A questão do número de séries para o treino de hipertrofia é bastante complexa, haja vista que esta é uma das variáveis de treino. Veja neste artigo um posicionamento científico!

Talvez possa parecer vago, mas raramente usamos números ou proporções exatas quando tratamos de hipertrofia. Isso acontece basicamente por um motivo simples: não há receitas prontas na musculação. Um dos números que constantemente é atribuída por “leigos” é a de número de séries. Aqui mesmo no primeiro parágrafo vou dizer que não há um número de séries que se enquadre em qualquer perfil.

Porém, isso não quer dizer que independentemente do treino que você fizer terá resultados. O número de séries é uma das variáveis que interfere diretamente na relação volume x intensidade do treino de musculação. Por isso, este é um detalhe que precisa ser muito bem pensado no contexto de treinamento. Para mostrar como isso deve ser feito, veja uma explanação prática sobre o tema!

Número de séries para a hipertrofia, existe algum número mágico?

Número de séries para a hipertrofia, estudos e fatores que influenciam sua qualidade

Em um estudo de Choizels (2008) foram avaliados os efeitos que diferentes números de séries tinham sobre a hipertrofia. Participaram do estudo 24 homens treinados, que foram divididos em 3 grupos: o controle, que não se exercitou, um grupo que executava 1 única série e o outro grupo que executava 3 séries. Todas as séries eram usadas até a falha concêntrica. O grupo de apenas 1 séries, teve apenas 7% menos hipertrofia que o grupo que executou 3 séries.

Em outro estudo, de Bertechine (2006) comparou o aumento da força agachamento em um programa de 6 semanas durante 1, 4 ou 8 conjuntos de 80% 1RM. Todos os grupos melhoraram a sua força, mas o grupo “série 8”, que tem aumentado a mais. Melhorias grupos “série única” e “Série 4” não foram significativamente diferentes.

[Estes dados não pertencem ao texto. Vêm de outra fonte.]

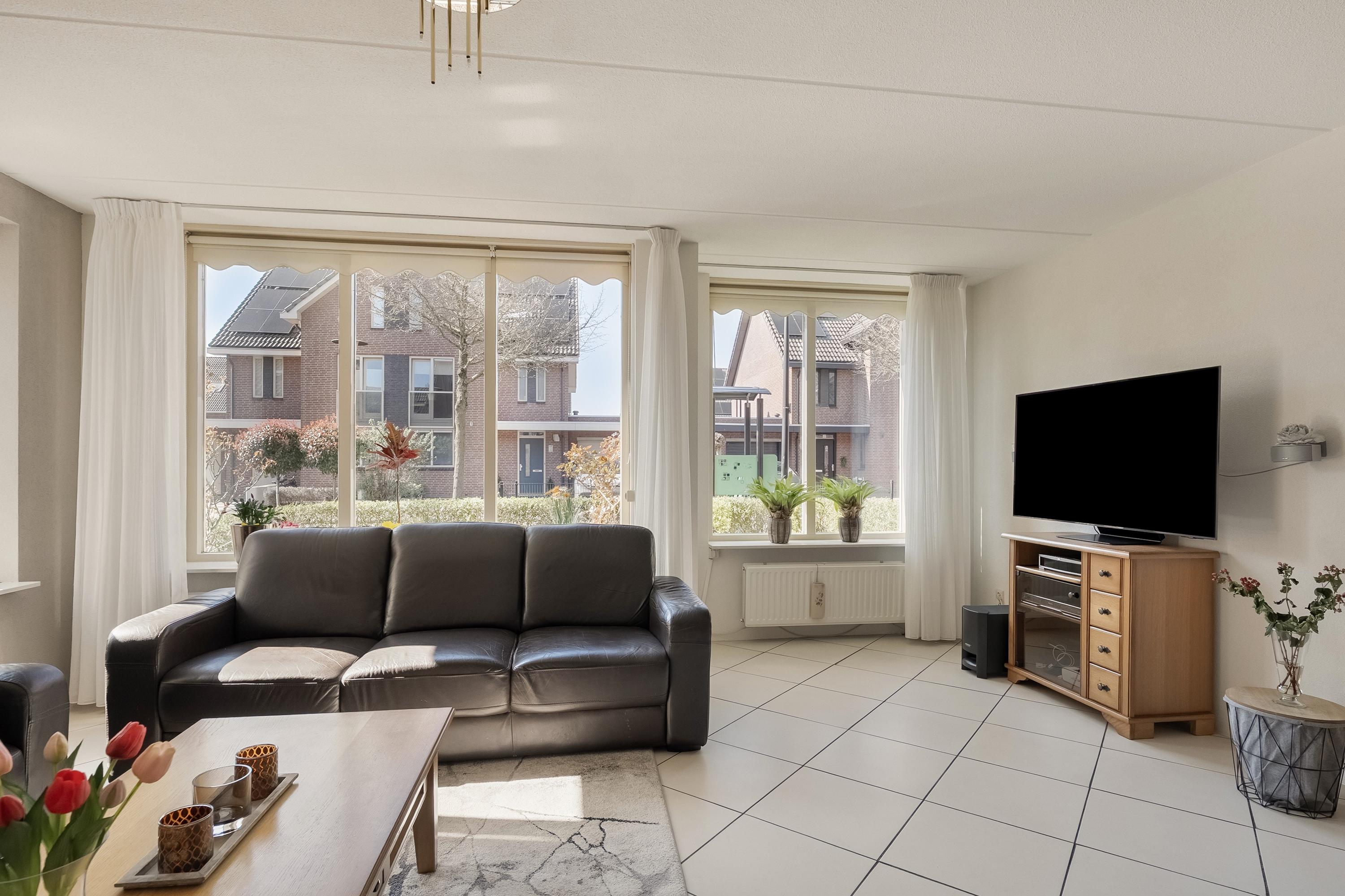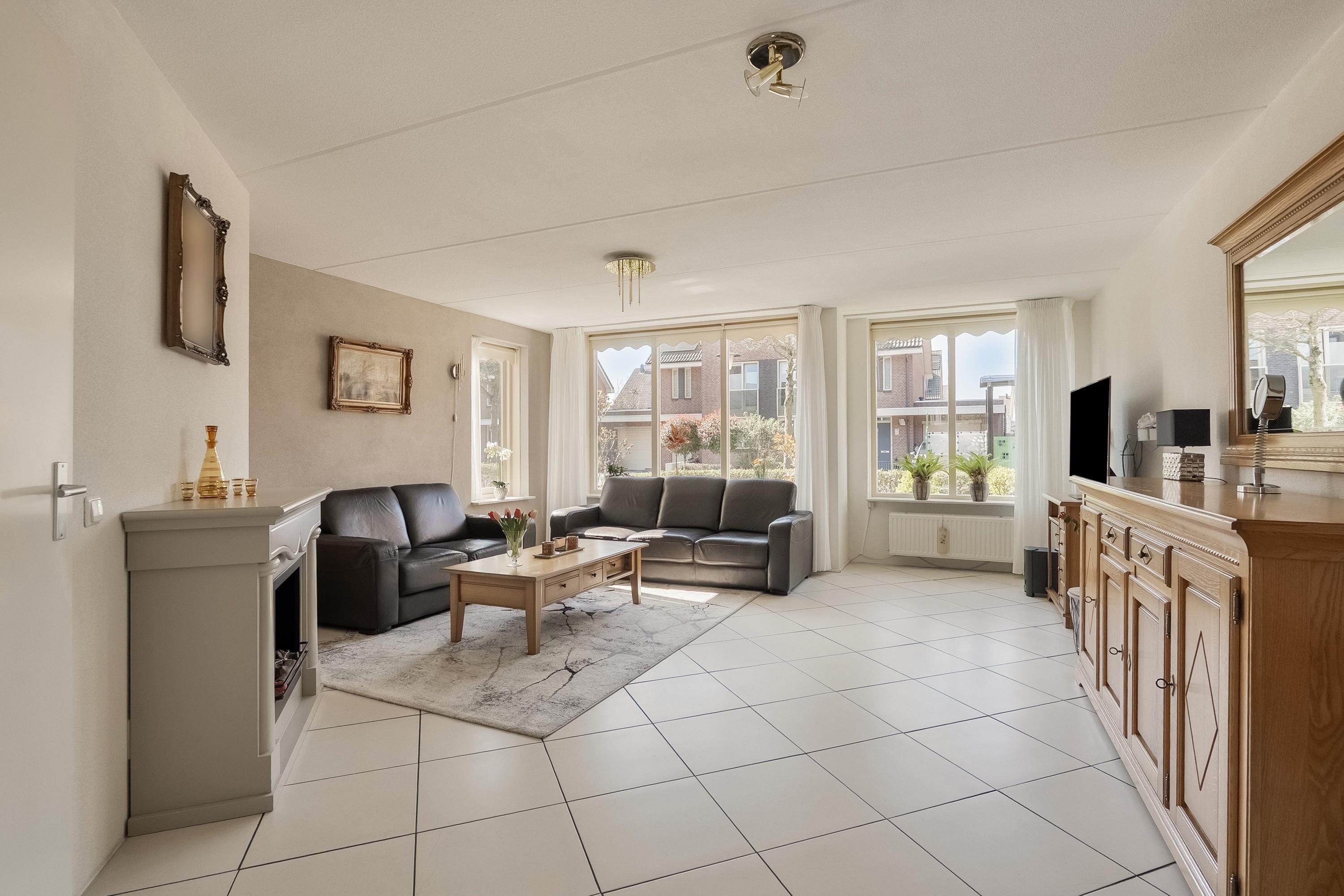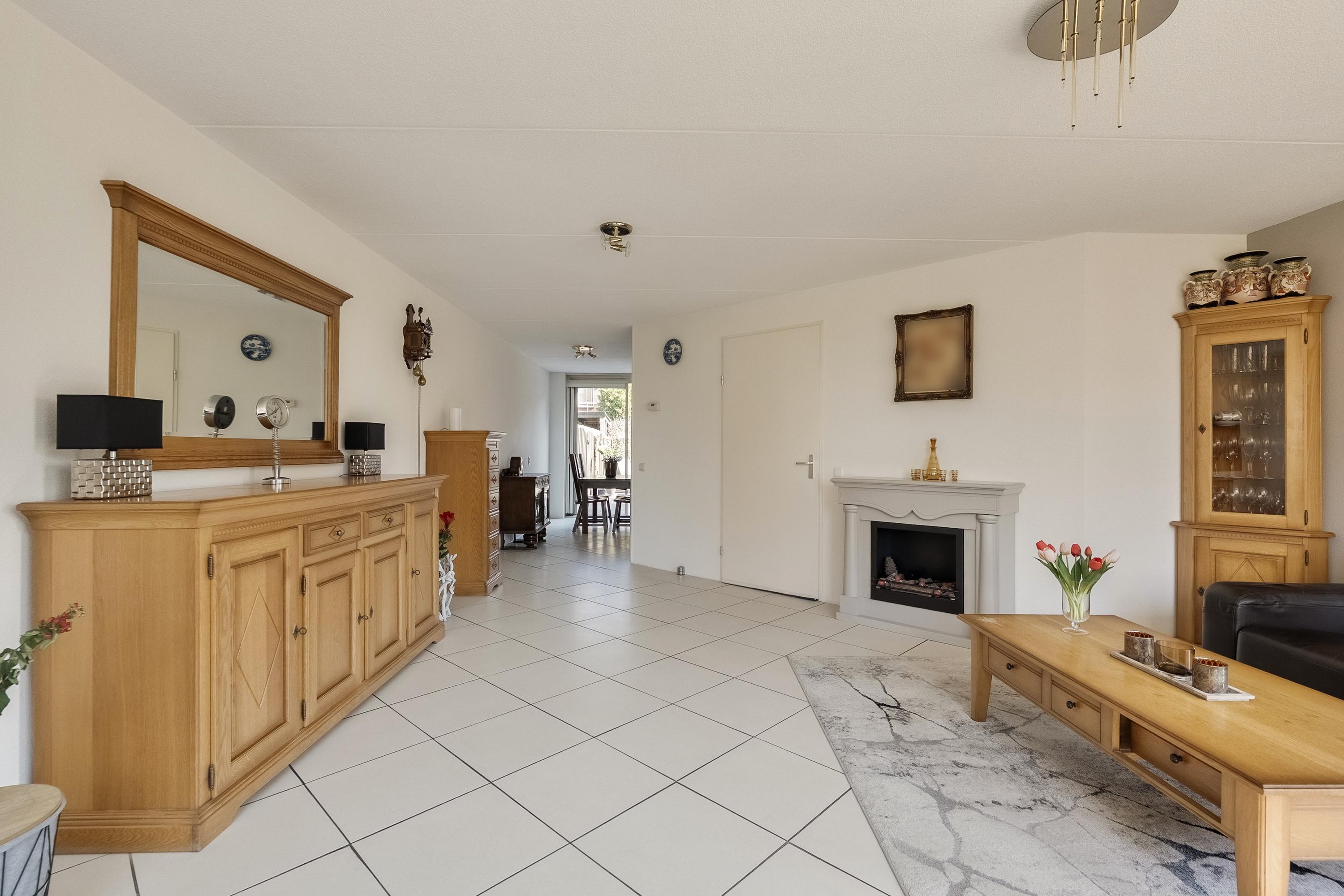 De royale, lichte woonkamer is gelegen aan de voorzijde van de woning. Deze degelijke woning is gebouwd met klassieke stijl kenmerken zoals een sfeervolle erker met grote glazen ramen. Door de erker biedt de woonkamer een mooie lichtinval die van verschillende zijden binnenvalt en de kamer ruimer en eleganter maakt. De erker nodigt uit tot een knusse zithoek/leeshoek. De woonkamer is verder afgewerkt met tegelvloer met vloerverwarming wat zorgt voor een aangenaam binnenklimaat en meer vrijheid in uw inrichting. Verder beschikt de woonkamer over twee elektrisch bedienbare screens.

Em uma revisão de literatura, realizada por Borges (2008), que analisou quarenta estudos, mostrou que, para aumentar a força entre os iniciantes, a série única é significativamente tão eficaz como séries múltiplas. Por outro lado, para atletas treinados, são as séries múltiplos (2-3), que são mais eficazes. Outro estudo de Tran (2006) avaliou 14 estudos e mostrou que fazer 3-4 séries resulta em um aumento de força 46% mais elevado do que uma única série. No entanto, esta meta-análise aponta para que a entre 4 e 6 séries não traz mais benefícios do que 2 ou 3 sets.

Leia também: Qual o número ideal de repetições para a hipertrofia?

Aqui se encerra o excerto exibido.